▸ **WHAT NEEDS TO BE DONE**
Look through the data below and output, unchanged, every line from the one holding "This is my Baby" through the one holding "Thirteenth century minuscule", inclusive. Skip the pictures.

▸ **PROVIDED DATA**
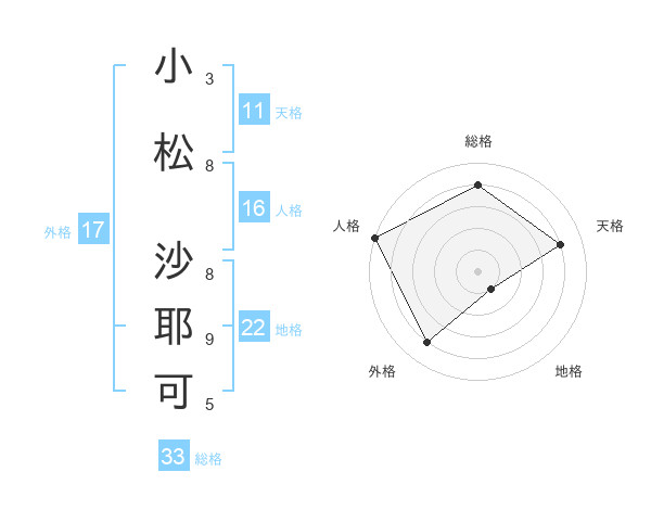 小松 沙耶可さんを姓名の画数から五運を鑑定
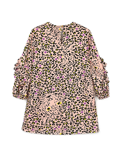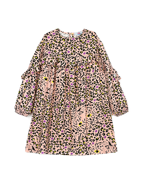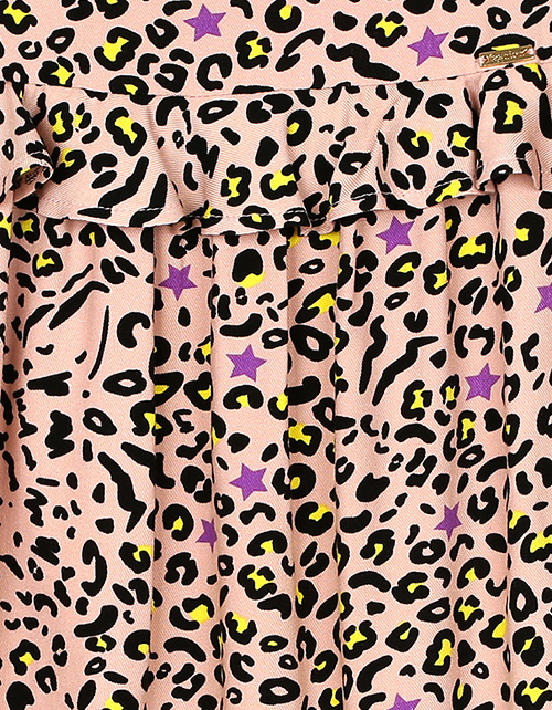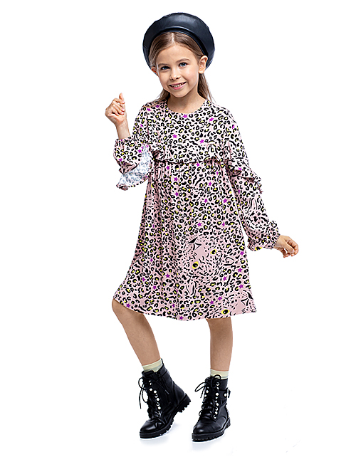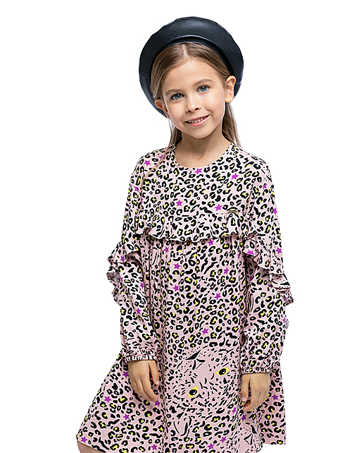 Платье для девочки а-силуэта с принтом имеет круглый вырез горловины, застежку на пуговицу, резинку на рукавах и украшено оборками. Ткань плательная вискоза гарантирует приятные тактильные ощущения и комфорт в носке.
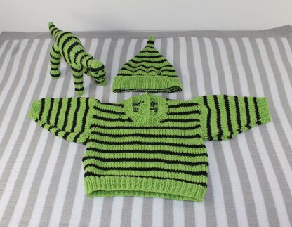 This is my Baby Stripe Sweater, Pixie Hat and Dinosaur Toy knitting pattern. This fabulous outfit is a must for all babies. The knitting pattern provides full written instructions for 4 sizes: XS (0-3 months), S (3-6 months), M (6-12 months) and L (12-18 months), and there are lots of step by step photos to help you throughout. All of the items are worked flat in any dk (8ply) yarn of your choice. This knitting pattern is available to buy here as an immediate pdf download.
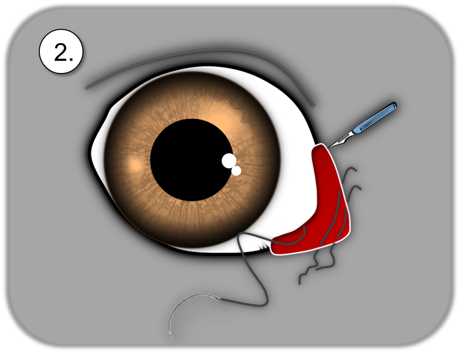 Im nasalen Augenwinkel erfolgt die Lidstraffung und die Wunde wird vernäht.
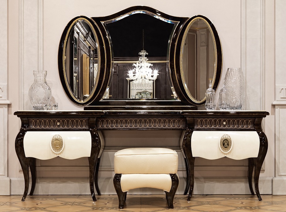 Versailles stool from the Italian manufacturer Turri. Frame, legs made of solid wood. Surface of legs covered with a glossy varnish. Upholstery - leather. Filler - polyurethane foam. Colors - ivory, brown. Poof perfectly complement the dressing table from this collection. Model classic, is the bedroom set of the collection Versailles.
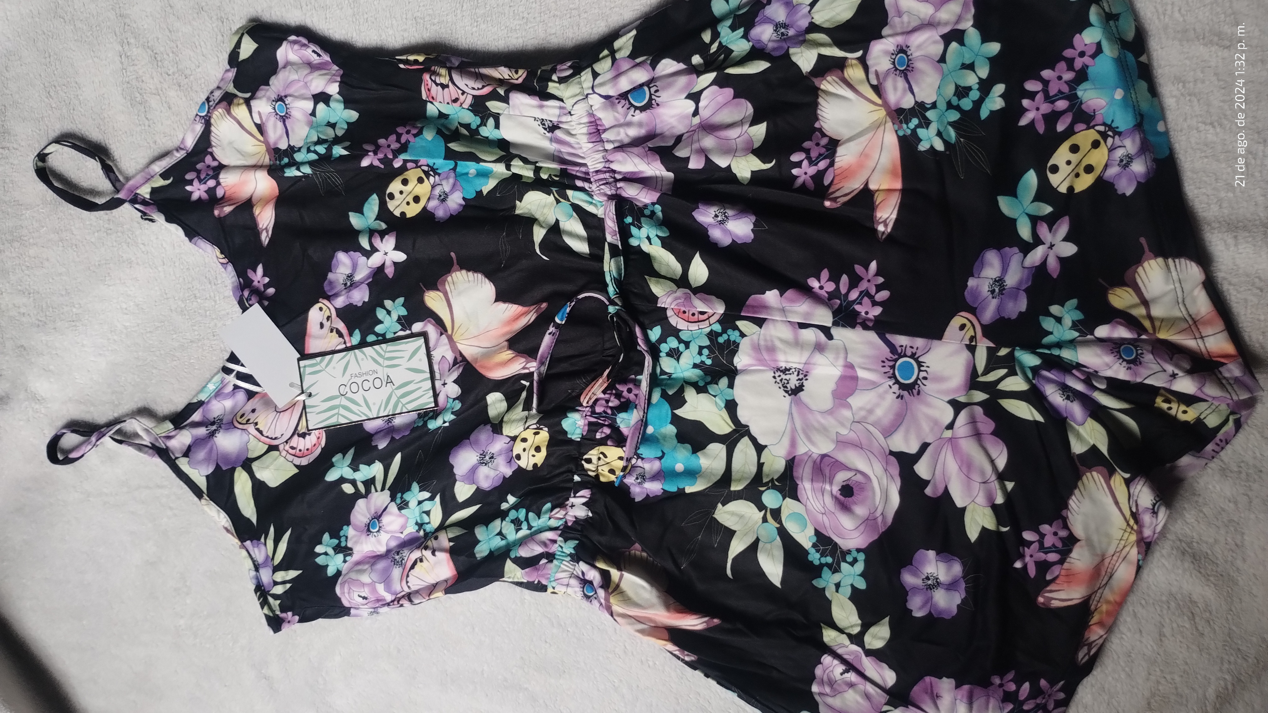 Este mono floral de verano es perfecto para los días cálidos. Con un diseño vibrante de flores en tonos morados, lilas y verdes sobre un fondo negro, este mono es tanto cómodo como elegante. Ideal para salidas casuales o eventos al aire libre, cuenta con tirantes ajustables y una cintura elástica para un ajuste perfecto. La tela ligera y suave asegura frescura y comodidad durante todo el día.
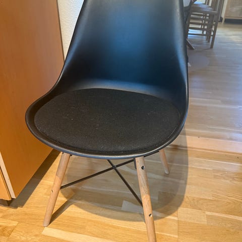 Fire spisestuestole fra JYSK i plast med stofsæde og robust materiale i en god højde. Mærket hedde Kastrup og de er i sort plast med massive egetræsben. Er samlede. Flotte og moderne og kun brugt få gange og fremstår som nye uden brugsspor.. Hynder kan evt. medfølge. Nypris pr. stol 449 kr. I alt 1796 kr. Spar over 500 kr. Sælges samlet for kun
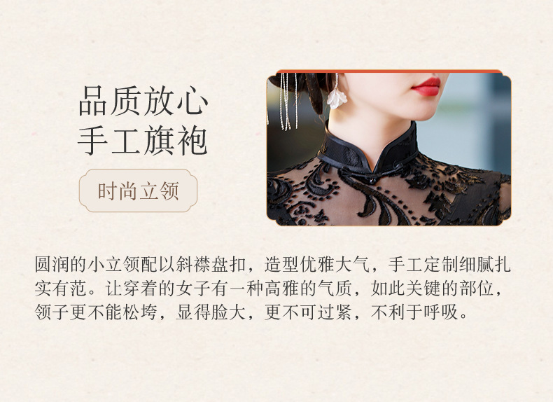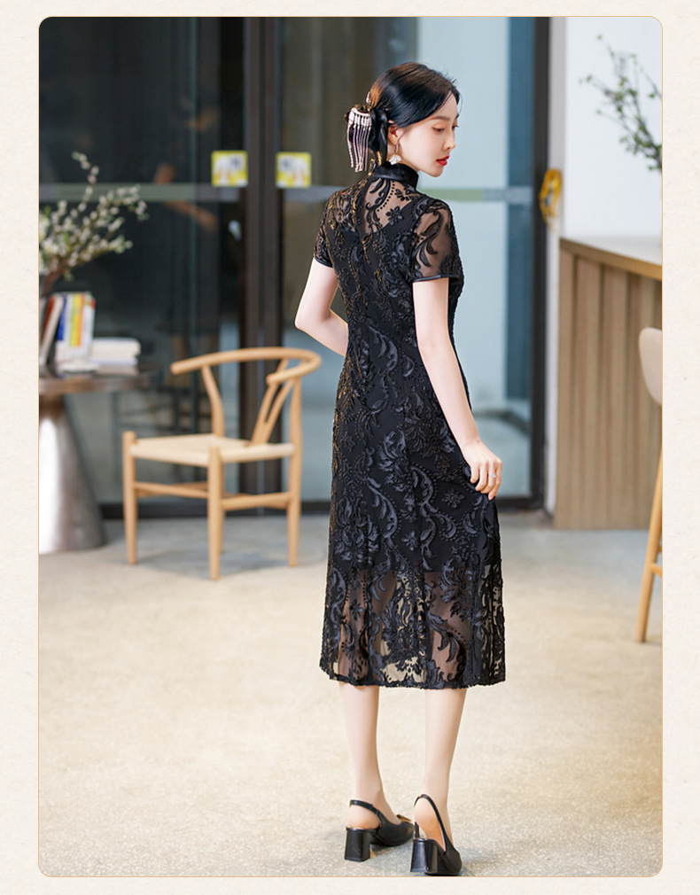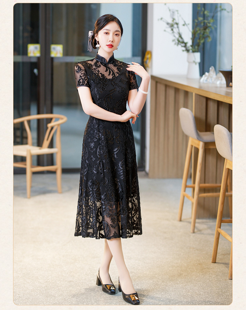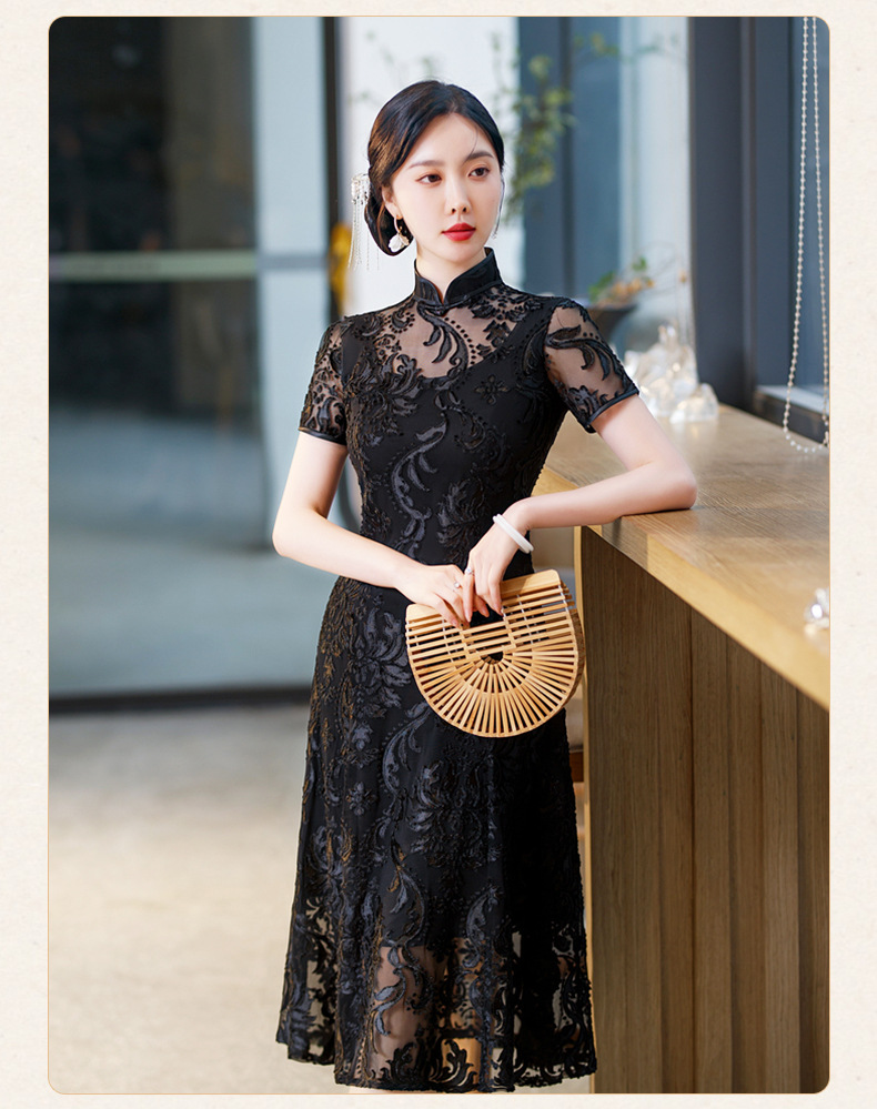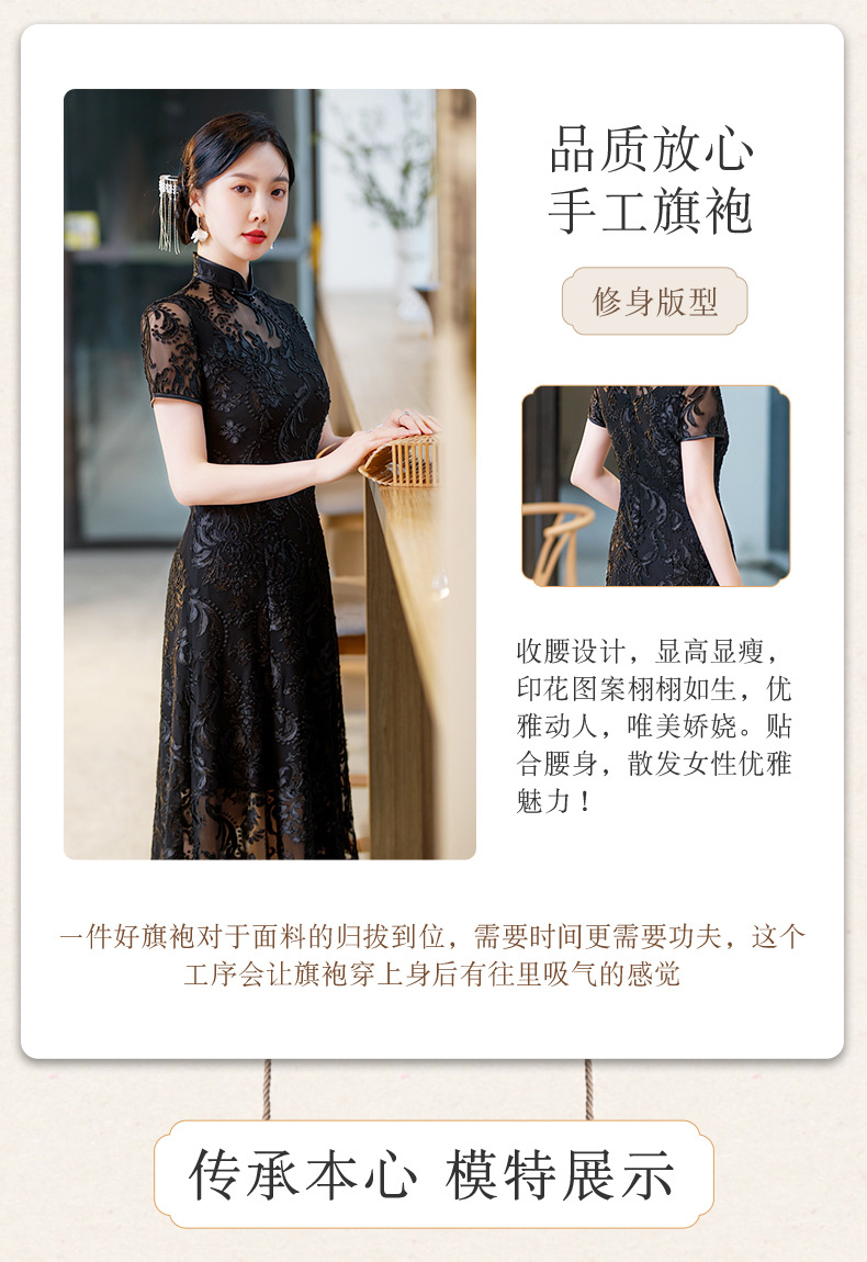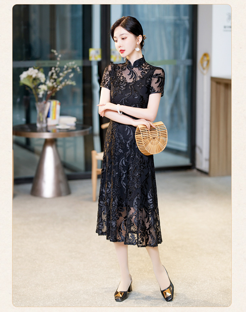 SYG-596春夏款黑色蕾丝旗袍年轻款性感时尚中长款气质改良优雅连衣裙
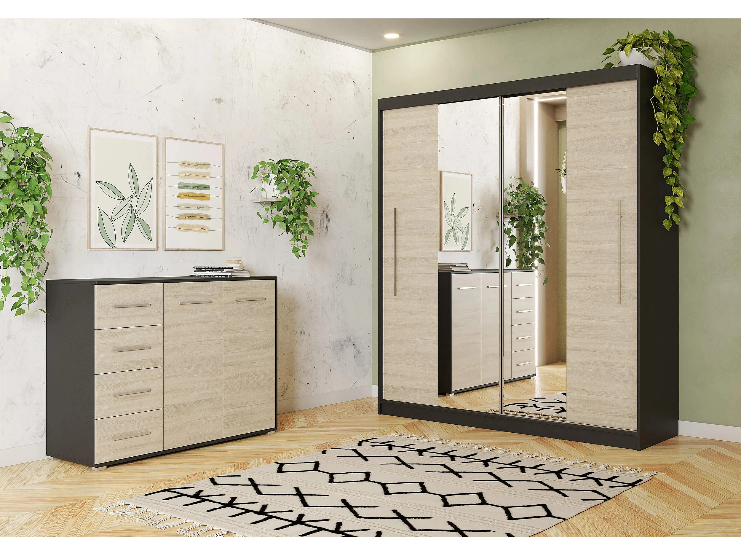 Ensemble armoire Eireen et commode Ilario avec miroir - Noir - Chêne
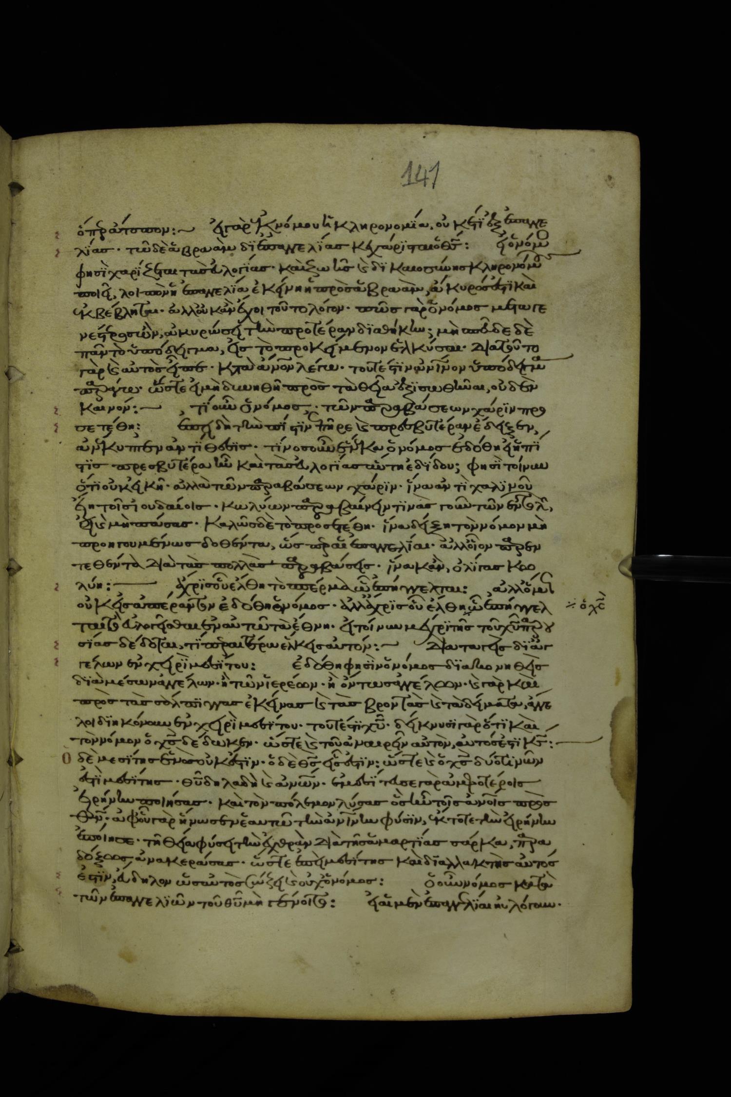 Thirteenth century minuscule of Paul with commentary on parchment; 367 leaves, 1 column, 34-41 lines per column. Images were taken at the National Library of Greece in Athens.
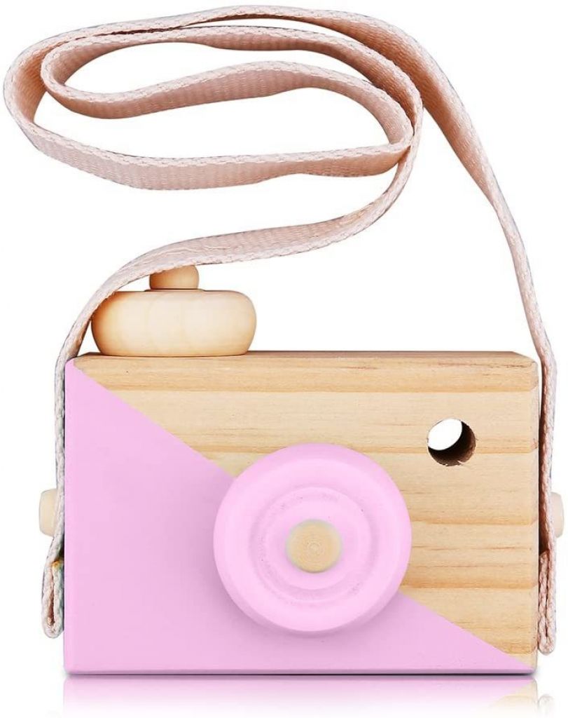 Natural Cute Wood Camera Toy with Neck Strap for Baby, Toddlers, Children. Kids Room Hanging Décor.

▸ **OUTPUT FOR THIS TASK**
 This is my Baby Stripe Sweater, Pixie Hat and Dinosaur Toy knitting pattern. This fabulous outfit is a must for all babies. The knitting pattern provides full written instructions for 4 sizes: XS (0-3 months), S (3-6 months), M (6-12 months) and L (12-18 months), and there are lots of step by step photos to help you throughout. All of the items are worked flat in any dk (8ply) yarn of your choice. This knitting pattern is available to buy here as an immediate pdf download.
 Im nasalen Augenwinkel erfolgt die Lidstraffung und die Wunde wird vernäht.
 Versailles stool from the Italian manufacturer Turri. Frame, legs made of solid wood. Surface of legs covered with a glossy varnish. Upholstery - leather. Filler - polyurethane foam. Colors - ivory, brown. Poof perfectly complement the dressing table from this collection. Model classic, is the bedroom set of the collection Versailles.
 Este mono floral de verano es perfecto para los días cálidos. Con un diseño vibrante de flores en tonos morados, lilas y verdes sobre un fondo negro, este mono es tanto cómodo como elegante. Ideal para salidas casuales o eventos al aire libre, cuenta con tirantes ajustables y una cintura elástica para un ajuste perfecto. La tela ligera y suave asegura frescura y comodidad durante todo el día.
 Fire spisestuestole fra JYSK i plast med stofsæde og robust materiale i en god højde. Mærket hedde Kastrup og de er i sort plast med massive egetræsben. Er samlede. Flotte og moderne og kun brugt få gange og fremstår som nye uden brugsspor.. Hynder kan evt. medfølge. Nypris pr. stol 449 kr. I alt 1796 kr. Spar over 500 kr. Sælges samlet for kun
 SYG-596春夏款黑色蕾丝旗袍年轻款性感时尚中长款气质改良优雅连衣裙
 Ensemble armoire Eireen et commode Ilario avec miroir - Noir - Chêne
 Thirteenth century minuscule of Paul with commentary on parchment; 367 leaves, 1 column, 34-41 lines per column. Images were taken at the National Library of Greece in Athens.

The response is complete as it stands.